*Data extract*

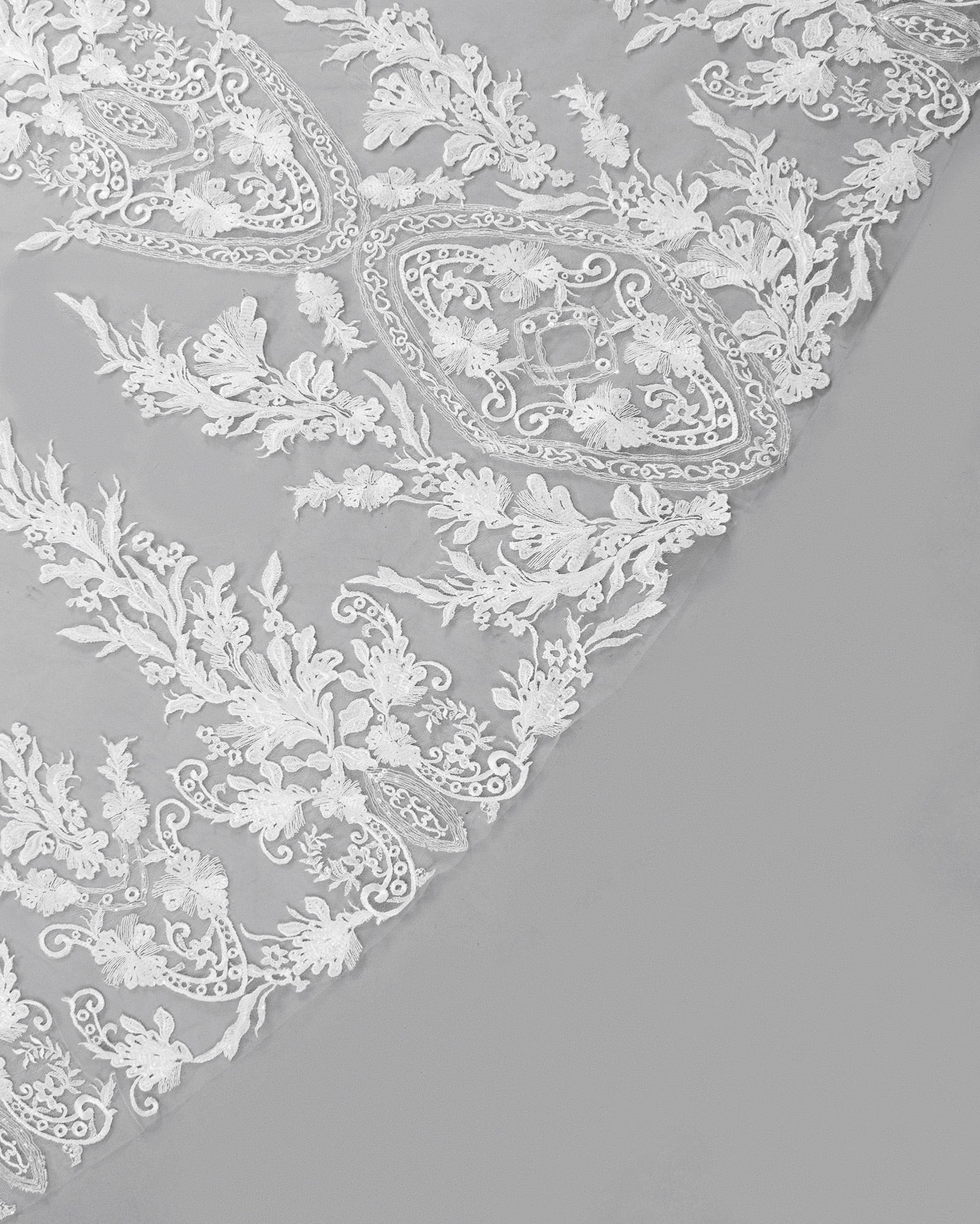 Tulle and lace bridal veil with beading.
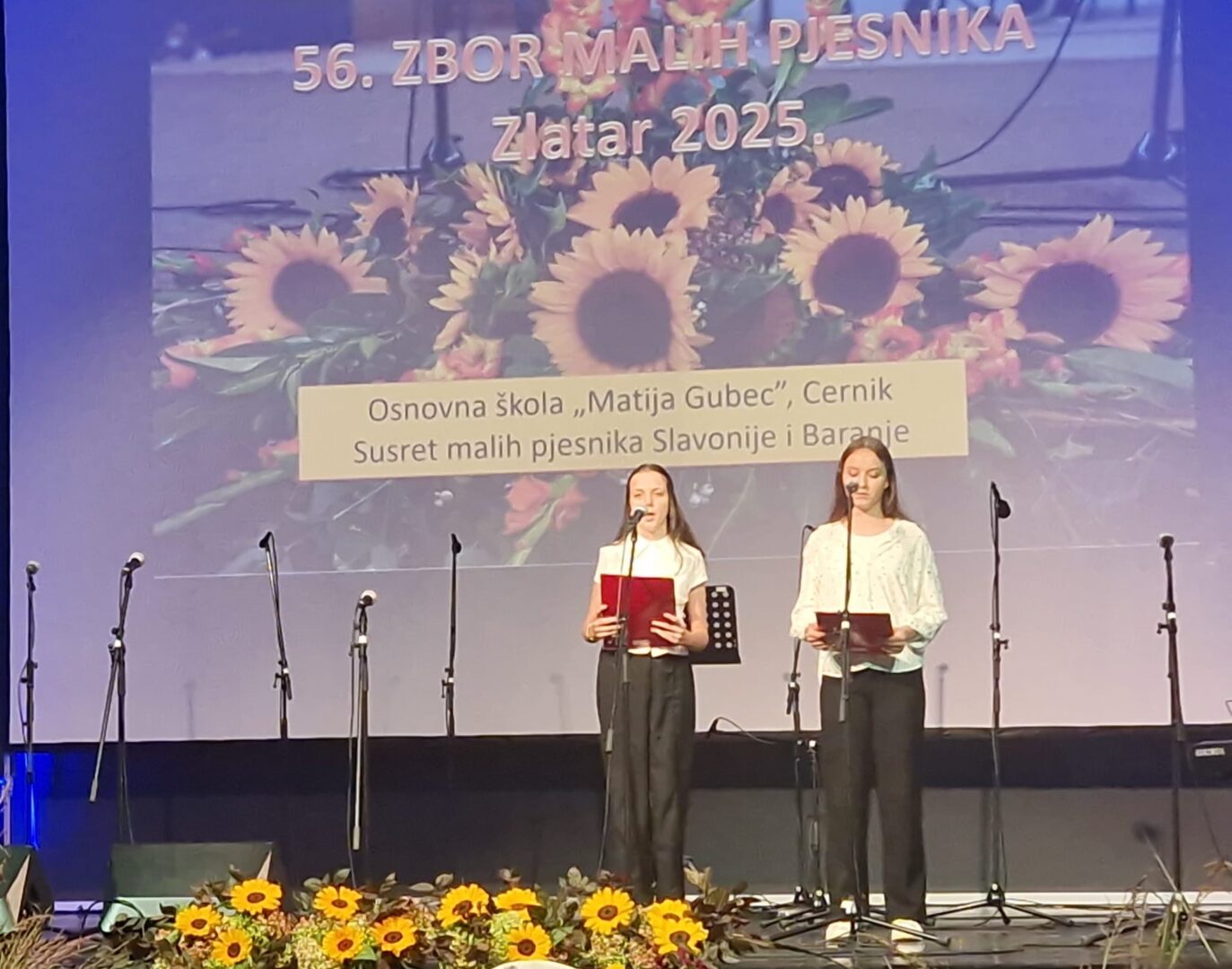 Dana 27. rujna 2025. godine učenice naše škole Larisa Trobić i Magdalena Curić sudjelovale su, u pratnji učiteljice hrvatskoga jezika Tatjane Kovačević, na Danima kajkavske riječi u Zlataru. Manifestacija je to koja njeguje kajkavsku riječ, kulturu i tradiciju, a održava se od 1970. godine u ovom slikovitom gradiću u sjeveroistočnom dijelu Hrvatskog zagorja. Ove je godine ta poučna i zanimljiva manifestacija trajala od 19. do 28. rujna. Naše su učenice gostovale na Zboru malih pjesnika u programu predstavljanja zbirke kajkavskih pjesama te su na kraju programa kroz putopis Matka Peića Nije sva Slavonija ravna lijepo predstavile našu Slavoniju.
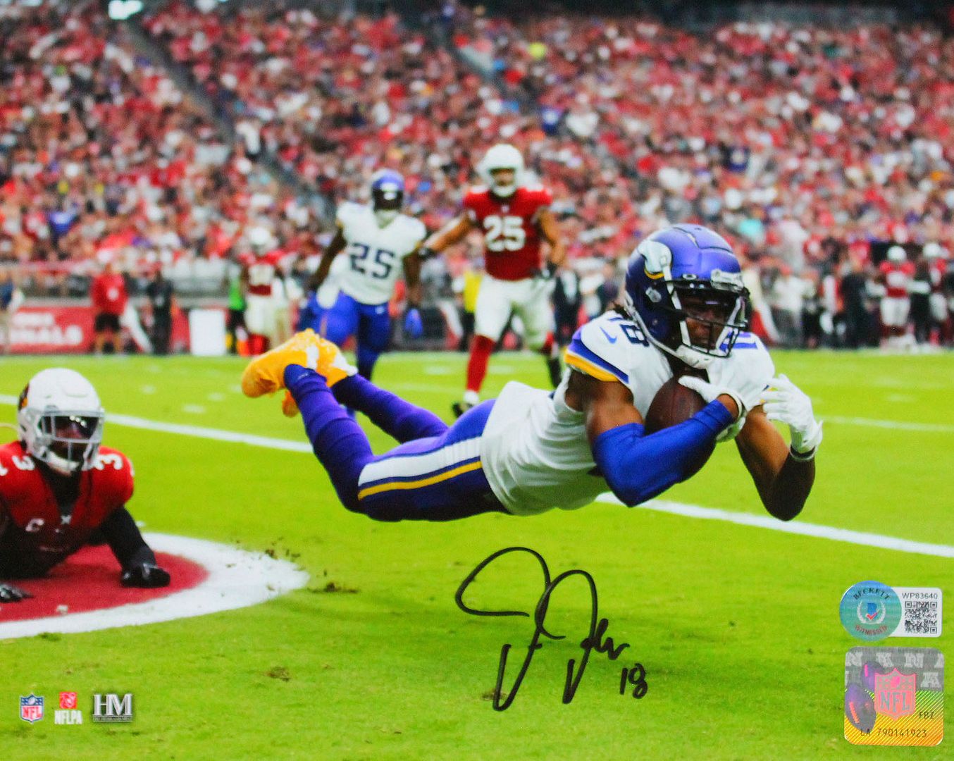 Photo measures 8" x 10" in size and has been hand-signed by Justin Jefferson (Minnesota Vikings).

*Work order*
Reproduce the data exactly, please, and omit its pictures.

*Task solution*
 Tulle and lace bridal veil with beading.
 Dana 27. rujna 2025. godine učenice naše škole Larisa Trobić i Magdalena Curić sudjelovale su, u pratnji učiteljice hrvatskoga jezika Tatjane Kovačević, na Danima kajkavske riječi u Zlataru. Manifestacija je to koja njeguje kajkavsku riječ, kulturu i tradiciju, a održava se od 1970. godine u ovom slikovitom gradiću u sjeveroistočnom dijelu Hrvatskog zagorja. Ove je godine ta poučna i zanimljiva manifestacija trajala od 19. do 28. rujna. Naše su učenice gostovale na Zboru malih pjesnika u programu predstavljanja zbirke kajkavskih pjesama te su na kraju programa kroz putopis Matka Peića Nije sva Slavonija ravna lijepo predstavile našu Slavoniju.
 Photo measures 8" x 10" in size and has been hand-signed by Justin Jefferson (Minnesota Vikings).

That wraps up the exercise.